The productivity data is starting to show up. A June 2026 NBER working paper found measurable productivity improvements in software development, legal document review, and customer service operations — three large sectors of the economy — attributable to AI adoption. The magnitude is modest so far (2-5% productivity gains), but it's accelerating. If AI delivers even half the productivity improvement that its advocates project, the ROI case is solid.
Most importantly, the fundamental driver of AI demand — the desire to automate cognitive work — is not going away. It's the same force that drove the adoption of computers, the internet, and smartphones. Each of those waves had corrections. Each of those corrections was a buying opportunity.
What I'm Actually Doing
I want to be transparent about my own actions, not just spout analysis.

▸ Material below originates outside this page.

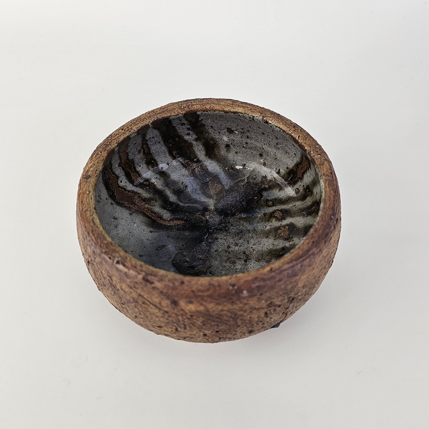 Lille skål i keramik med uglaseret yderside og glaseret inderside med abstrakt mønster i gråbrune farver.

I added to my NVIDIA position on June 5, when the stock was down about 15% from its peak. It's a small addition, maybe 10% of what I already held. The stock could easily drop another 10-20% from here. I'm not trying to call the bottom — nobody can do that consistently. I'm betting that five years from now, the level I bought at will look reasonable relative to where NVIDIA is as a business.

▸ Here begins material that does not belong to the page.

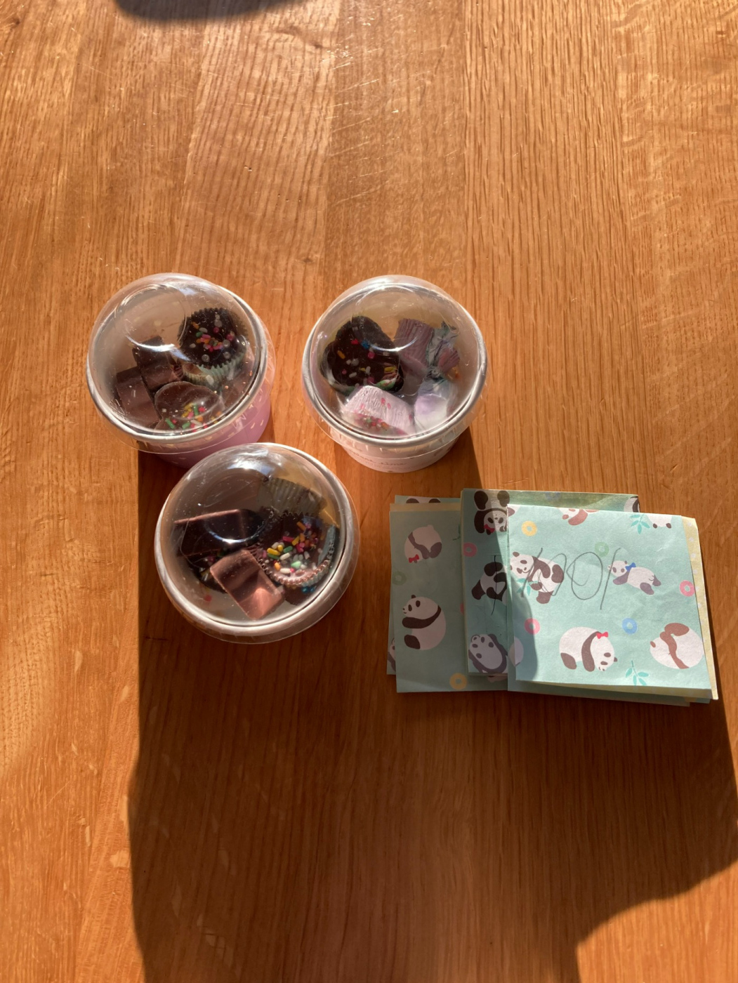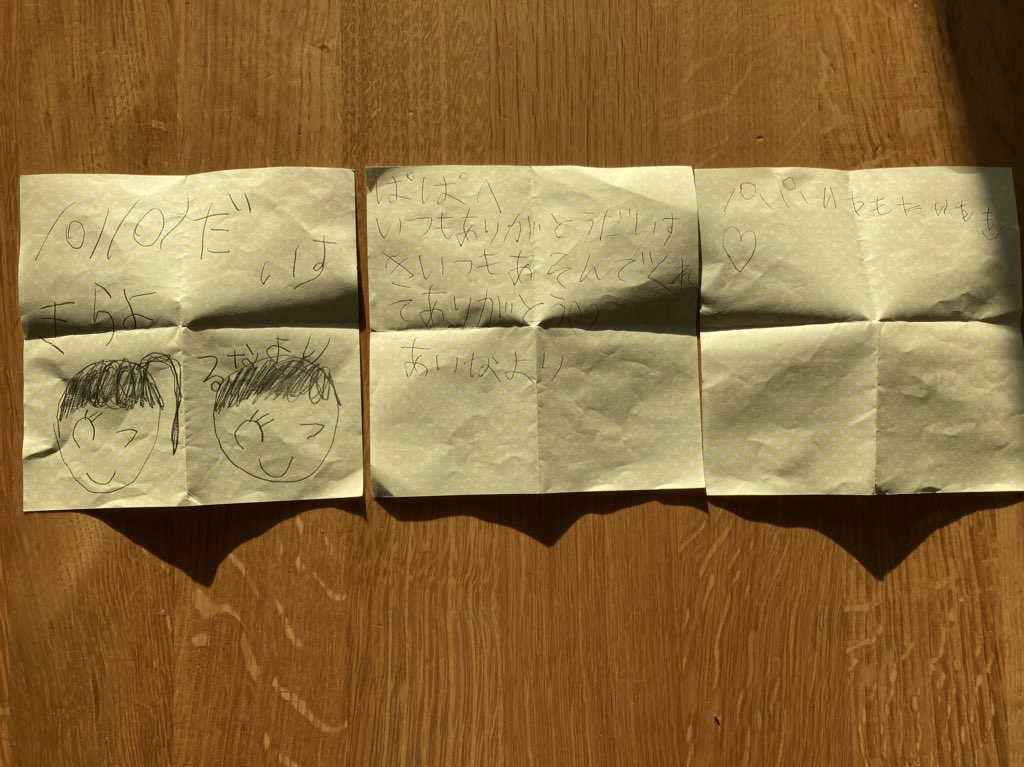 3人の娘達がチョコと手紙をもって玄関で待っているではないですか‼

I also bought a small position in a semiconductor ETF during the selloff, giving me broader exposure to the AI hardware supply chain without betting everything on one company. And I sold nothing. Not because I'm confident the selling is over — I'm not — but because my investment thesis hasn't changed, and selling during a panic is how retail investors consistently underperform.
If you're considering buying AI stocks during this dip, the only advice I feel comfortable giving: only invest money you won't need for at least three to five years. Size your positions so that a further 30% drop won't force you to sell. And understand that picking individual stocks is risky — the AI winners of 2030 might not be the winners of 2026.
Is the AI Boom Over?
No. The boom in AI stock prices might be taking a breather. The boom in AI technology and adoption is not.
The distinction matters. Stock prices reflect sentiment, positioning, and expectations. Technology adoption reflects utility, productivity, and value creation. They're correlated over the long term but can diverge sharply in the short term. Right now, AI stock prices are correcting while AI adoption is still accelerating. That disconnect, historically, has been where the best long-term returns are generated.
Whether this correction is a buying opportunity or the start of something worse depends on whether you think AI will genuinely transform how work gets done over the next decade. I think it will. I might be wrong. But that's the bet I'm making.